In den seit langem schwelenden Streitigkeiten über Recht oder Unrecht der Bilderverehrung stellte der Kaiser sich auf die Seite der Gegner. Im Jahr 730 wurde ein formelles Edikt erlassen, das die Herstellung und Verehrung der Heiligenbilder (das Kreuzesbild und die Bilder Christi und Mariens waren damals noch nicht betroffen) verbot. Die Folgen waren Aufruhr und eine große Verwirrung im ganzen Oströmischen Reich. In diesem Augenblick trat Johannes auf den Plan und schrieb seine Reden gegen die Zerstörer.
Es lag ihm fern, die Mißbräuche, die sich nur allzuoft eingeschlichen hatten, zu verteidigen. Vielmehr unterschied er ausdrücklich zwischen der Anbetung, die nur Gott gebührt, und der Verehrung, die man einem Bild und dem durch das Bild dargestellten Heiligen zu erweisen hat. Der Freimut, mit dem er dabei selbst dem Kaiser entgegentrat, gegen den er sogar das Anathema zu schleudern wagte, ist erstaunlich - selbst wenn man bedenkt, daß er selbst ja nicht im Machtbereich des Kaisers lebte. Aber Johannes wußte, daß es nicht seine, sondern Gottes und der Kirche Sache war, für die er eintrat.

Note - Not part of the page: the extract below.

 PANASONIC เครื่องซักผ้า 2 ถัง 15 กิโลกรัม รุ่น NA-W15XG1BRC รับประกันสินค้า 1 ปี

3. Seine Tugenden: Als dritter Wesenszug des Damasceners ist sein kirchlicher Sinn, sein “sentire cum Ecclesia" zu nennen. Damit ist seine wache Bereitschaft gemeint, sich für die bedrohte Kirche einzusetzen, auch auf die Gefahr hin, sich mit den Machthabern zu überwerfen - wie es etwa bei seinem Werk gegen den Islam der Fall war und mehr noch in seinen Bilderreden.

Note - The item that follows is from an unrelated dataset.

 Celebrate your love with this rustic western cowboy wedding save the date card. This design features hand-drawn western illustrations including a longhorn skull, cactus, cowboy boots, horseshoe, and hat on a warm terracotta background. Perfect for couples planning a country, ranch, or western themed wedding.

Hervorgehoben sei auch sein gesunder Sinn für das genuin Christliche und seine Fähigkeit zur Unterscheidung der Geister mitten in einer von Parteiungen und Intrigen erfüllten Zeit. Ebenso erwähnt seien seine Unbeirrbarkeit und Standfestigkeit inmitten der Glaubenskämpfe: Er hat den Streit nicht gesucht, ihn aber auch nicht gefürchtet, weil er wußte, daß es um die Sache des Herrn ging.

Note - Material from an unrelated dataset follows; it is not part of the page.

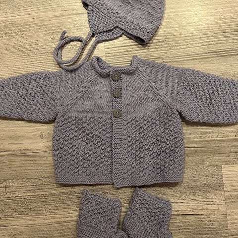 Sett strikket i str 0 .Trend merino petit garn- ekstra fint og mykt /lett merinoull. Nyvasket med milo på ullprogram 30 grader. Skyllemiddel skal ikke brukes.Røykfritt miljø.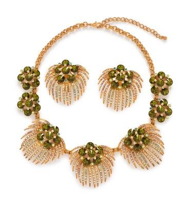 -One Gold Toned with green Rhinestone Palm Shaped Necklace

Zu erwähnen ist auch seine schlichte Demut: Trotz seiner staunenswerten Gelehrsamkeit kam er sich nur wie “ein unnützer und minderer Sklave" vor, dem “es besser angestanden hätte, sine eigenen Sünden vor Gott zu bekennen", als sich in die Probleme der Theologie und Kirchenpolitik einzulassen. Nur der Gehorsam und die Sorge für die bedrängte Christenheit konnten ihm den Freimut zu einem Auftreten geben.